The average transcription in a region \(W\), \(T_{W} = \left\langle {g\left( {x + z_{U} } \right)\delta _{{y,~x + z_{U} - z_{D} }} } \right\rangle _{{\left\{ {z_{U} ,z_{D} } \right\},\left( {x,y} \right)}}\) with \(\left( {x,y} \right) \in W\), is computed explicitly for the representative regions as \(T_{A} = R_{V} \left[ {\left( {0, - 20k} \right),\left( {200, - 10k} \right)} \right],\) \(T_{Af} = R_{V} \left[ {\left( {300, - 20k} \right),\left( {1k, - 10k} \right)} \right],\)\(T_{B} = R_{V} \left[ {\left( {0, - 900} \right),\left( {200, - 200} \right)} \right],\) \(T_{Bf} = R_{V} \left[ {\left( {300, - 900} \right),\left( {1k, - 200} \right)} \right],\) \(T_{C} = R_{V} \left[ {\left( {0, 0} \right),\left( {200, 200} \right)} \right],\) \(T_{D} = R_{V} \left[ {\left( {300, 0} \right),\left( {1k,200} \right)} \right],\) and \(T_{E} = R_{V} \left[ {\left( {10k, 0} \right),\left( {20k,200} \right)} \right].\)

TSSs

TSSs were obtained from the comprehensive gene annotation on the reference chromosomes of Gencode V19 (https://www.gencodegenes.org/human/release_19.html).

TSS order

TSSs are ordered according to their genomic position, starting the enumeration from the most upstream TSS. Therefore, according to this notation, the 1st TSS does not necessarily correspond to the TSS with the highest expression.

Genomic signals

RNA-seq, RAMPAGE, DNase-seq, and ChIP-seq genomic signals were downloaded from the Encyclopedia of DNA Elements (ENCODE) consortium repository (http://www.encodeproject.org/) as bigWig files for the hg19 mapping assembly/V19 genome annotation. Gene quantifications for the corresponding RNA-seq signals were downloaded as tsv files. Signals were normalized by their average value over the whole genome before analysis.

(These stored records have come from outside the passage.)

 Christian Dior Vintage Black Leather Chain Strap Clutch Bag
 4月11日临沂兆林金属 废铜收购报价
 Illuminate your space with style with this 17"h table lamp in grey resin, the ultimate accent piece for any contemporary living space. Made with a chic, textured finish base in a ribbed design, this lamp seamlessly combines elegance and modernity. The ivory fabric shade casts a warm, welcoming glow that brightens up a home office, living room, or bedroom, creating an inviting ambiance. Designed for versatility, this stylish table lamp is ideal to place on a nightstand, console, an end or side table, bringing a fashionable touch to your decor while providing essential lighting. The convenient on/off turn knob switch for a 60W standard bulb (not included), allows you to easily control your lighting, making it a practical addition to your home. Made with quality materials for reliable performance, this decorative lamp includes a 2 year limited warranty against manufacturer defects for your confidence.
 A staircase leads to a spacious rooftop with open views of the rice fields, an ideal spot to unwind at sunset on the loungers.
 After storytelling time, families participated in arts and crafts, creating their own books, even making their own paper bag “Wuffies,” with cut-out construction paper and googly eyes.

RNA-seq experiment selection

RNA-seq experiments were selected in two steps. First, we considered all the experiments that matched the search criteria "hg19" for assembly and "polyA mRNA RNA-seq" or "total RNA-seq" for assay title, which produced 594 results. Subsequently, we selected RNA-seq experiments that included plus and minus strand signal of unique reads and that had high replicate concordance (Spearman correlation > 0.8 between gene quantifications of the replicates), which resulted in 191 experiments.

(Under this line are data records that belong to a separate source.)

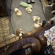 “Puppies are fully vetted, dewormed, w/first vaccination, our puppies go home with a “puppy packet” that has their parents info, vaccination record, & a handbook to give you & your baby the best start! A deposit goes towards the price of your puppy, while non-refundable the deposit can be transferred to a later litter!”
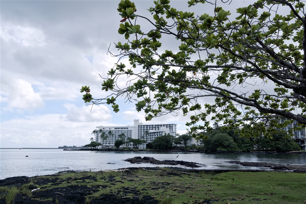 ココナッツアイランド(モク・オラ島)からヒロ・ハワイアン・ホテル方向を望む
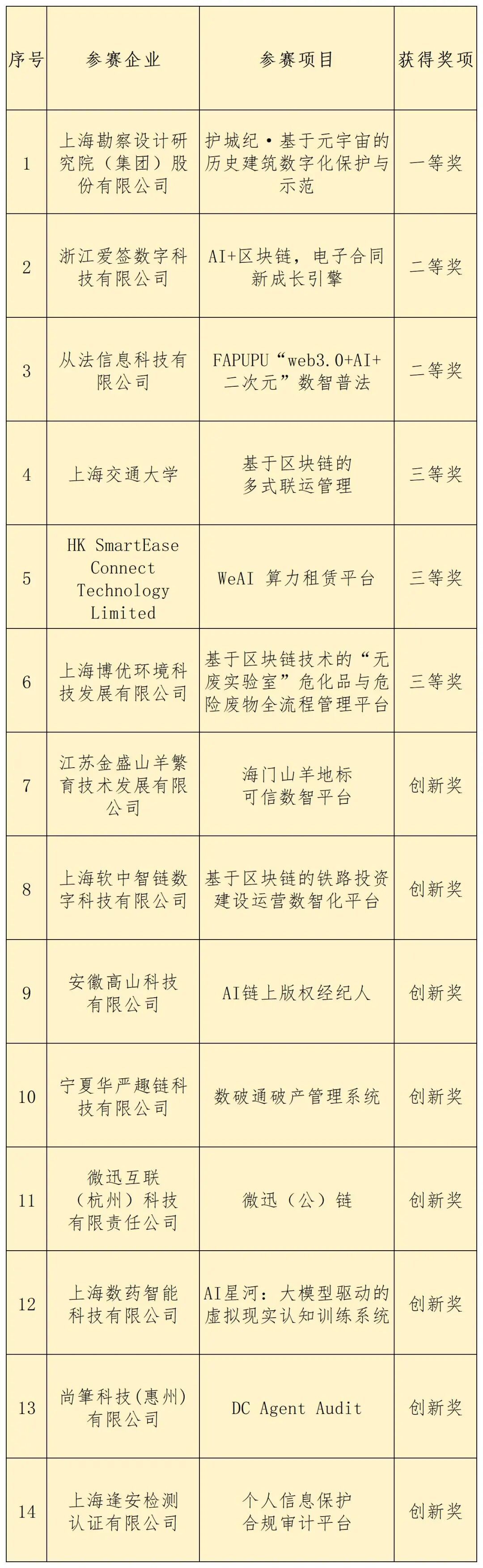 附件:2025“数通链谷”杯第七届长三角区块链应用创新大赛决赛获奖项目名单
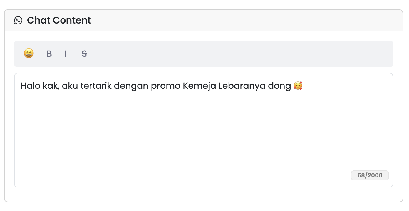 Selanjutnya, pada bagian / section Chat Content, kamu bisa isi Chat Content-nya sesuai dengan keinginan Kamu
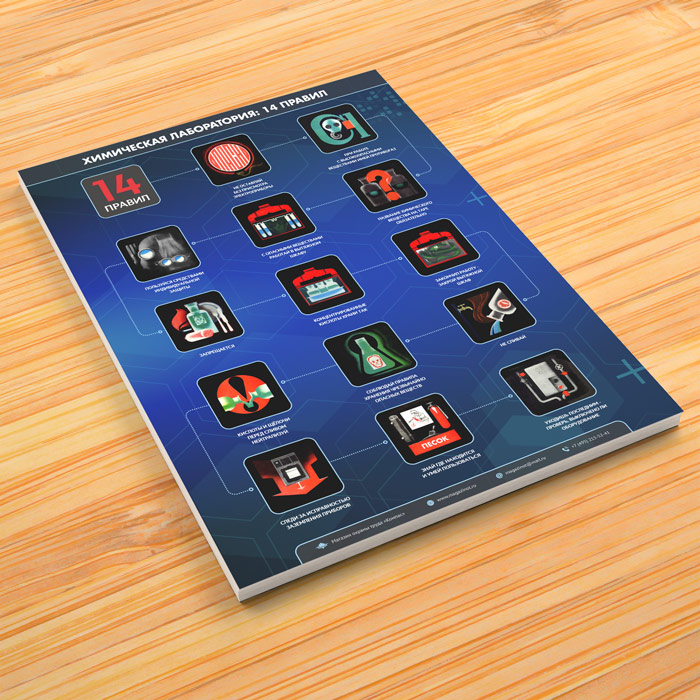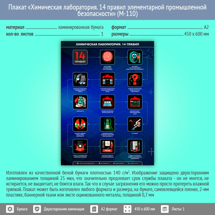 Плакат «Химическая лаборатория. 14 правил элементарной промышленной безопасности» (М-110, ламинированная бумага, А2, 1 лист) в Тюмени купить

RAMPAGE experiment selection

RAMPAGE experiments were selected in two steps. First, we considered all the experiments that matched the search criteria "hg19" for assembly and "RAMPAGE" for assay title, which produced 155 results. Subsequently, we selected RAMPAGE experiments that included plus and minus strand signal of unique reads and that had high replicate concordance (Spearman correlation > 0.8 between gene quantifications of the replicates), which resulted in 65 experiments.

Data analysis

The data analysis was performed using custom Python 3.8 scripts implemented in Jupyter Notebooks available in the supplemental information.